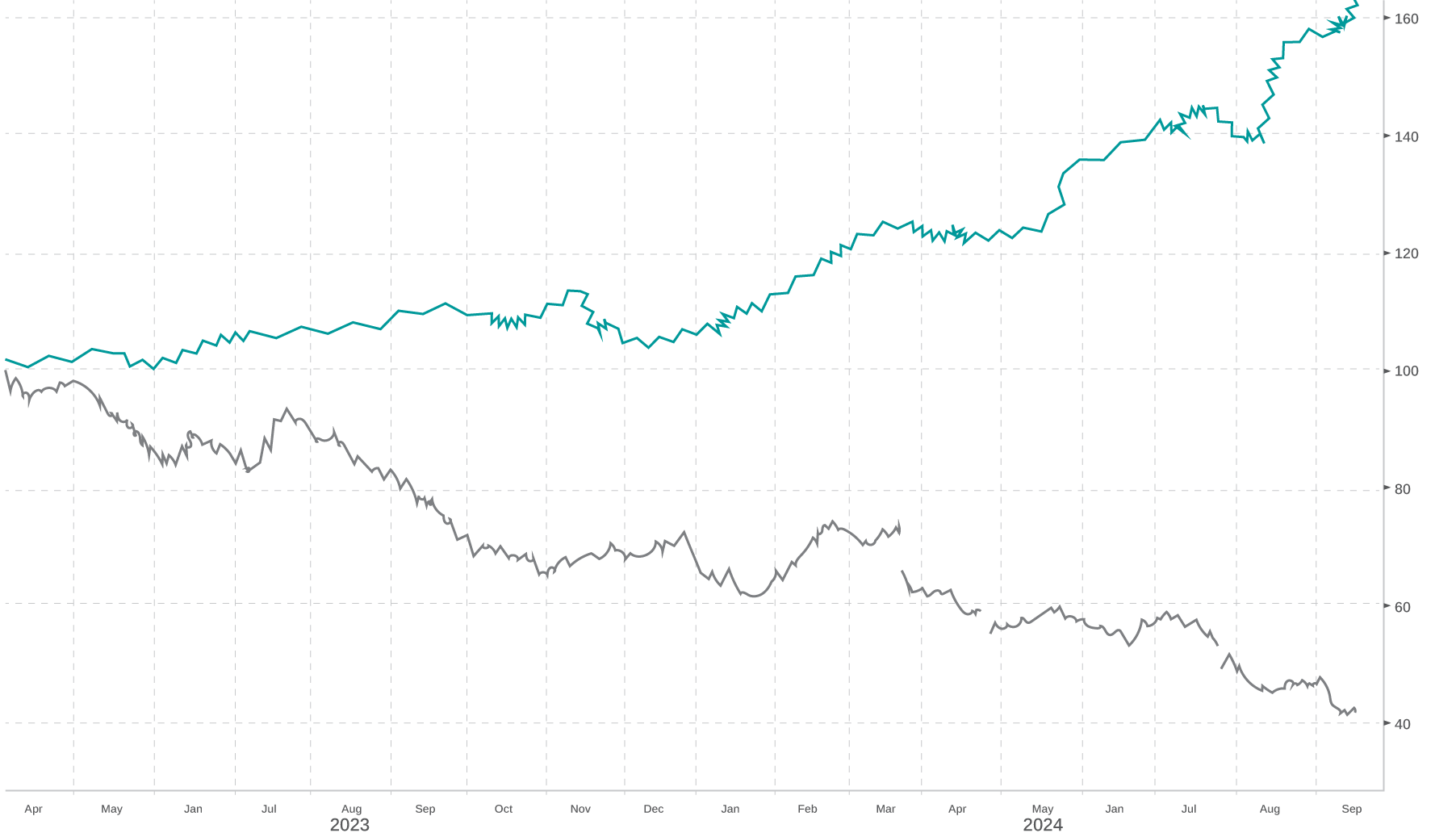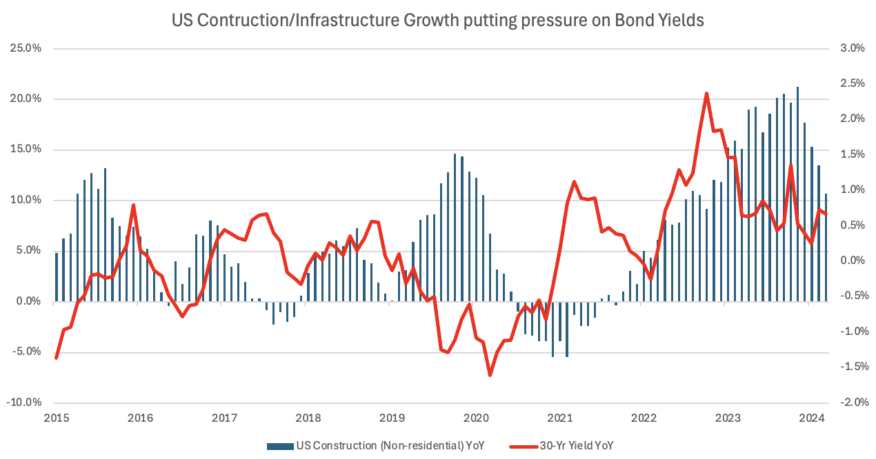 Biden's tenure has been characterised with three major pieces of legislation, including the Inflation Reduction Act, that has generated massive infrastructure spend. Such large government fiscal stimulus tends to lead higher interest rates, although the pace has begun to slow more recently, perhaps removing one tailwind for the 'higher for longer' narrative.
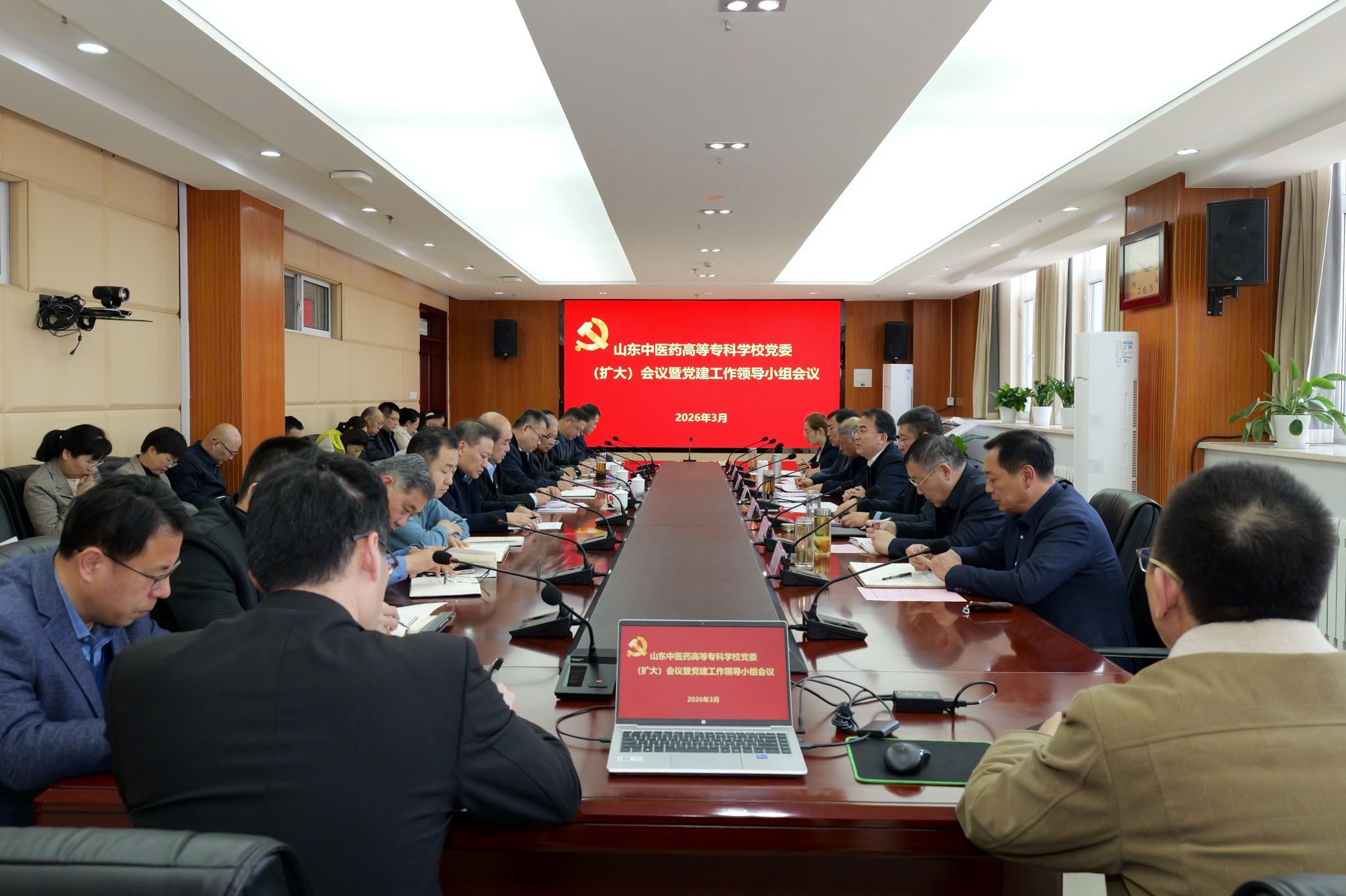 学校党委书记、党的建设领导小组组长战文翔主持会议并讲话,学校党的建设领导小组全体成员、各党总支及直属支部书记参加会议。
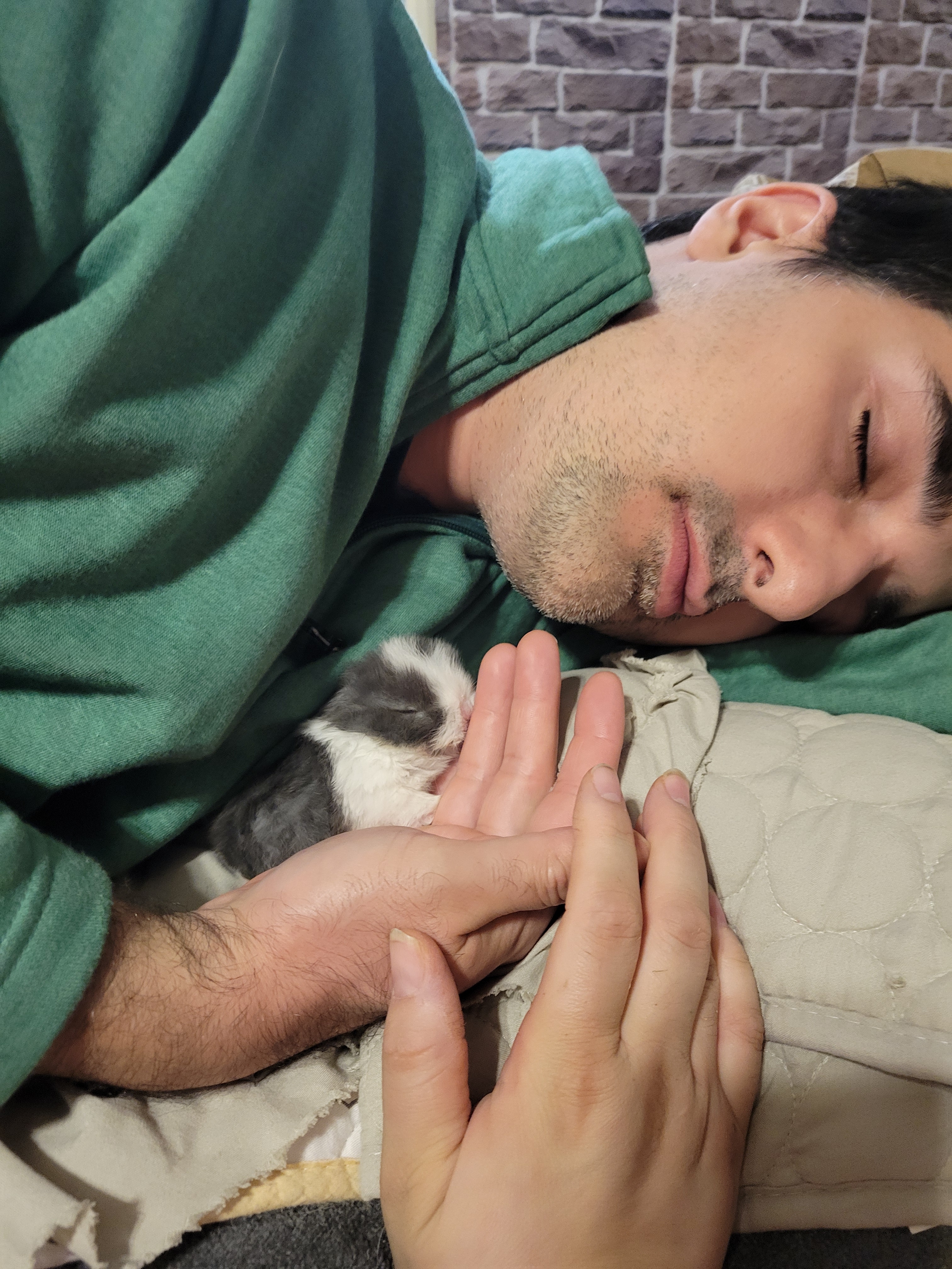 11-23-21: Litter Hercules has nearly passed his trials and we expect a full recovery from this little hero. Snuffles isn’t going to slow this little hero down. Like the energizer bunny he keeps going and going and going! He loves to explore, play, binky at any moment and he gets super excite about everything! He hates to be on the floor by himself and rather be snuggled up against your chest or closed up in your jacket. There are a few rare cases where baby bunnies become fully dependent on a human for their needs and I am absolutely flabbergasted by how he turned out. I often tell people my bunnies see humans as giant rabbits, but I think Hercules see’s himself as a tiny human.
++++++++
▸ **ACTIVITY**
Line by line, write out the material above exactly, with no images.

▸ **SOLVED PROBLEM**
 Biden's tenure has been characterised with three major pieces of legislation, including the Inflation Reduction Act, that has generated massive infrastructure spend. Such large government fiscal stimulus tends to lead higher interest rates, although the pace has begun to slow more recently, perhaps removing one tailwind for the 'higher for longer' narrative.
 学校党委书记、党的建设领导小组组长战文翔主持会议并讲话,学校党的建设领导小组全体成员、各党总支及直属支部书记参加会议。
 11-23-21: Litter Hercules has nearly passed his trials and we expect a full recovery from this little hero. Snuffles isn’t going to slow this little hero down. Like the energizer bunny he keeps going and going and going! He loves to explore, play, binky at any moment and he gets super excite about everything! He hates to be on the floor by himself and rather be snuggled up against your chest or closed up in your jacket. There are a few rare cases where baby bunnies become fully dependent on a human for their needs and I am absolutely flabbergasted by how he turned out. I often tell people my bunnies see humans as giant rabbits, but I think Hercules see’s himself as a tiny human.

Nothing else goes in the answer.